> _Work required_: In the material below, find the line containing "Баннер синий офисный" and the line containing "如果是雙通道不檢測觸點(di". Output those two lines and all lines between them exactly, without pictures.

> _Source data_:

###

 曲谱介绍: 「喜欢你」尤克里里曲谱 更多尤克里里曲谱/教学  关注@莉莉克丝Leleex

###

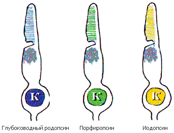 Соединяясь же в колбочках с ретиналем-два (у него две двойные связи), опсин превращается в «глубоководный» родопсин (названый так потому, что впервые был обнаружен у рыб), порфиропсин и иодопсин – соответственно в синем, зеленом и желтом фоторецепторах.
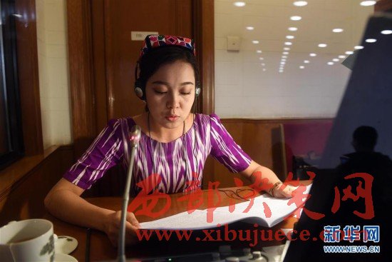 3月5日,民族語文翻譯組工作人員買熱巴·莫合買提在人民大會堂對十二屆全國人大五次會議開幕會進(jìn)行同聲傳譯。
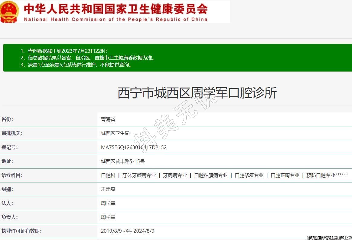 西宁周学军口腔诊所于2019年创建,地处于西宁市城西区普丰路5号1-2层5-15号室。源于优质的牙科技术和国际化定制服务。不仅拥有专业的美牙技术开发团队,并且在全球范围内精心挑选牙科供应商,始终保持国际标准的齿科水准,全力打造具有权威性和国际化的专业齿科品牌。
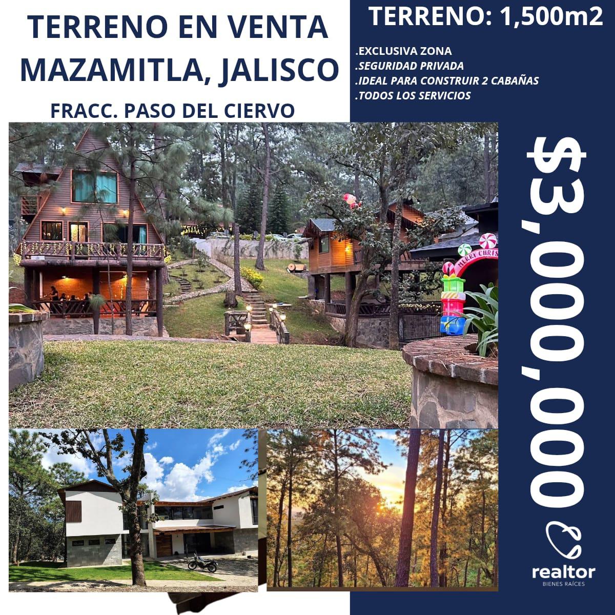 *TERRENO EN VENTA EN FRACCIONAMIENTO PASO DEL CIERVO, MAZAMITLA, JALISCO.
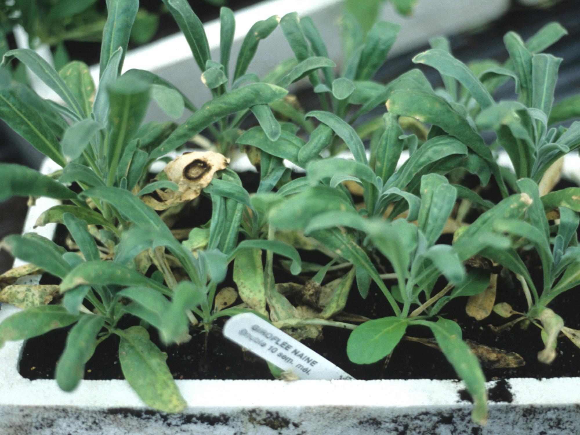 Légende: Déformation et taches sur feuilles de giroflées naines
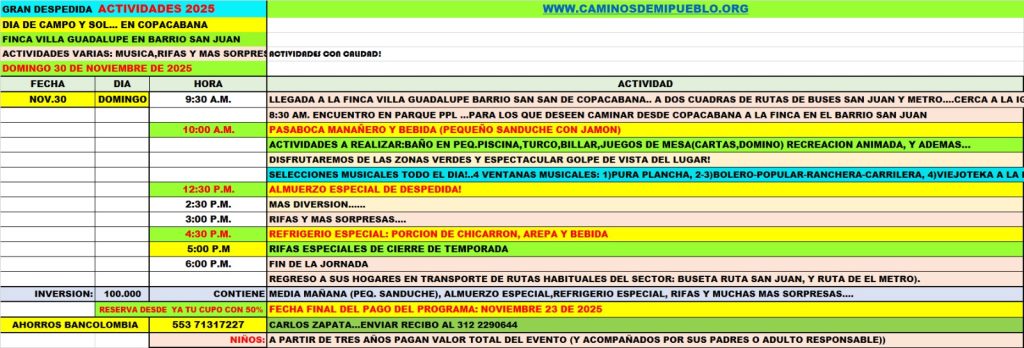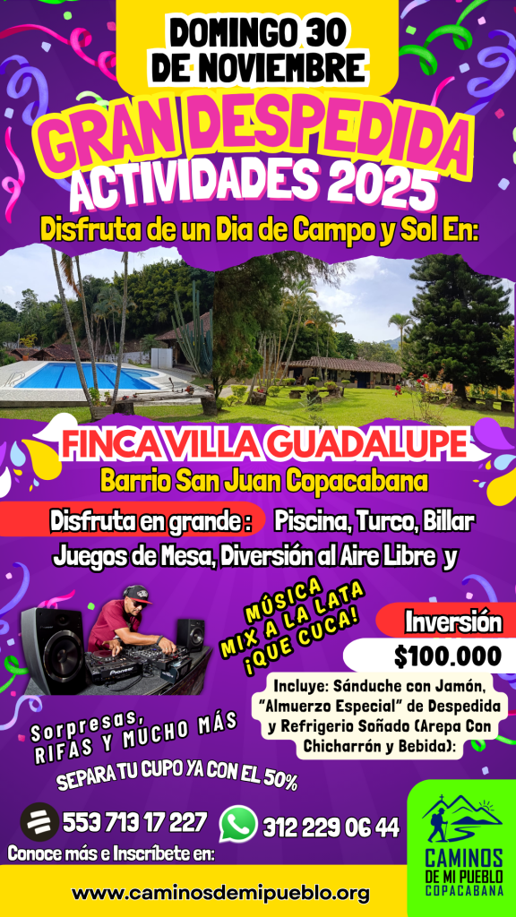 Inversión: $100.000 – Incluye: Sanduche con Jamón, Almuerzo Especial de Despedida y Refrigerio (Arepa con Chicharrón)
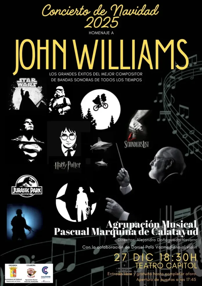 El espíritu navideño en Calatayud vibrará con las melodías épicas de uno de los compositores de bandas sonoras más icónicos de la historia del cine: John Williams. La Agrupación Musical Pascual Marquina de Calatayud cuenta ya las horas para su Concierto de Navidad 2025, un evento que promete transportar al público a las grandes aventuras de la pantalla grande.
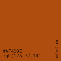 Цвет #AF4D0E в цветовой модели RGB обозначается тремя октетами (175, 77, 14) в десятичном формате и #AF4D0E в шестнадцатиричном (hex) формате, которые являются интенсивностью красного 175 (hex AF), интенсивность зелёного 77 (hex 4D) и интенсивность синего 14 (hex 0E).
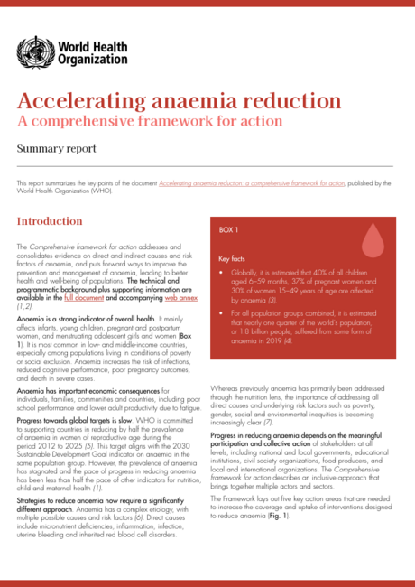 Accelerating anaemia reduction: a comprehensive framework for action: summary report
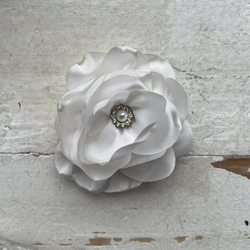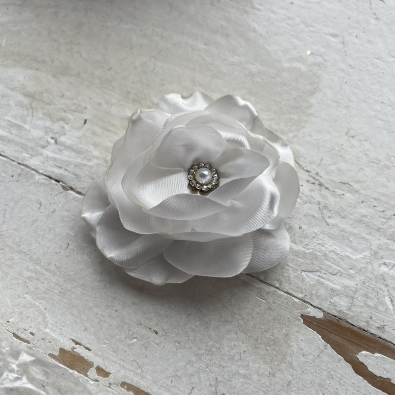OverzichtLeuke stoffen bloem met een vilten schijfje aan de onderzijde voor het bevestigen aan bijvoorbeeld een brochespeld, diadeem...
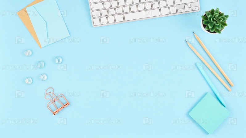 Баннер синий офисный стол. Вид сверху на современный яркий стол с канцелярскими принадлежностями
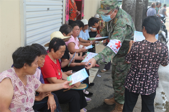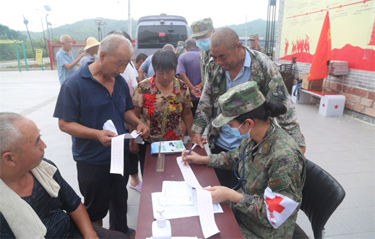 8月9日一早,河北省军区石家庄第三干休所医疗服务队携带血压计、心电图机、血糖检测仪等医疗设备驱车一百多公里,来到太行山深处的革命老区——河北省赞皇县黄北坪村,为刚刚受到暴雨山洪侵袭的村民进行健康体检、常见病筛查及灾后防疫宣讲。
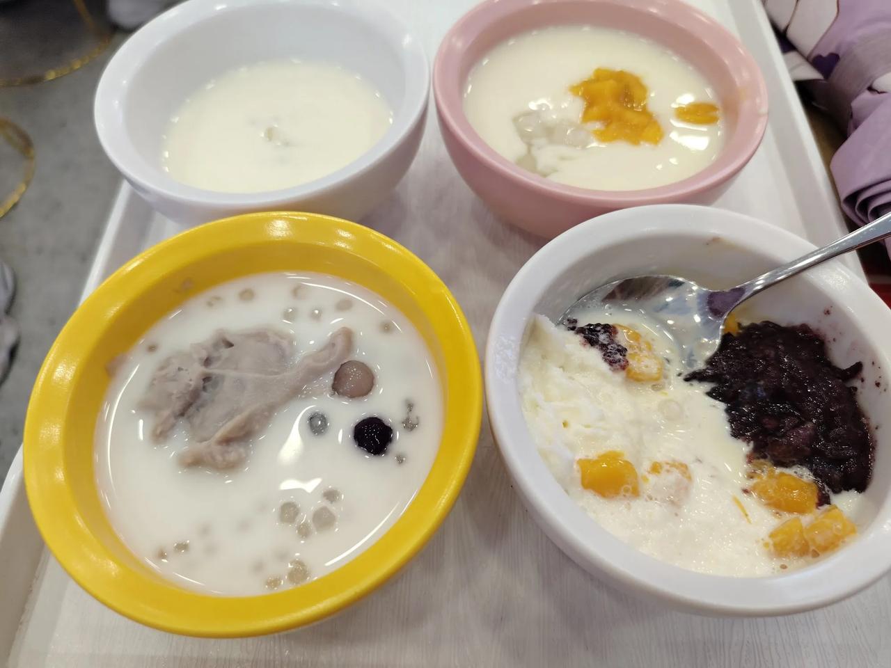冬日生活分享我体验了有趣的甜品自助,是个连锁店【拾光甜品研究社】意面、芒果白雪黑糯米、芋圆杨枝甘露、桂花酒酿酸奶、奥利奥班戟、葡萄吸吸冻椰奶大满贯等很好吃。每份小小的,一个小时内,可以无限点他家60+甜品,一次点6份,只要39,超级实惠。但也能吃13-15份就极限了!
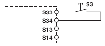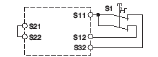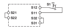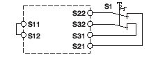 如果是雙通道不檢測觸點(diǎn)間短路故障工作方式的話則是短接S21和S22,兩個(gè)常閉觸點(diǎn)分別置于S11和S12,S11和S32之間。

###

> _Finished task_:
 Баннер синий офисный стол. Вид сверху на современный яркий стол с канцелярскими принадлежностями
 8月9日一早,河北省军区石家庄第三干休所医疗服务队携带血压计、心电图机、血糖检测仪等医疗设备驱车一百多公里,来到太行山深处的革命老区——河北省赞皇县黄北坪村,为刚刚受到暴雨山洪侵袭的村民进行健康体检、常见病筛查及灾后防疫宣讲。
冬日生活分享我体验了有趣的甜品自助,是个连锁店【拾光甜品研究社】意面、芒果白雪黑糯米、芋圆杨枝甘露、桂花酒酿酸奶、奥利奥班戟、葡萄吸吸冻椰奶大满贯等很好吃。每份小小的,一个小时内,可以无限点他家60+甜品,一次点6份,只要39,超级实惠。但也能吃13-15份就极限了!
 如果是雙通道不檢測觸點(diǎn)間短路故障工作方式的話則是短接S21和S22,兩個(gè)常閉觸點(diǎn)分別置于S11和S12,S11和S32之間。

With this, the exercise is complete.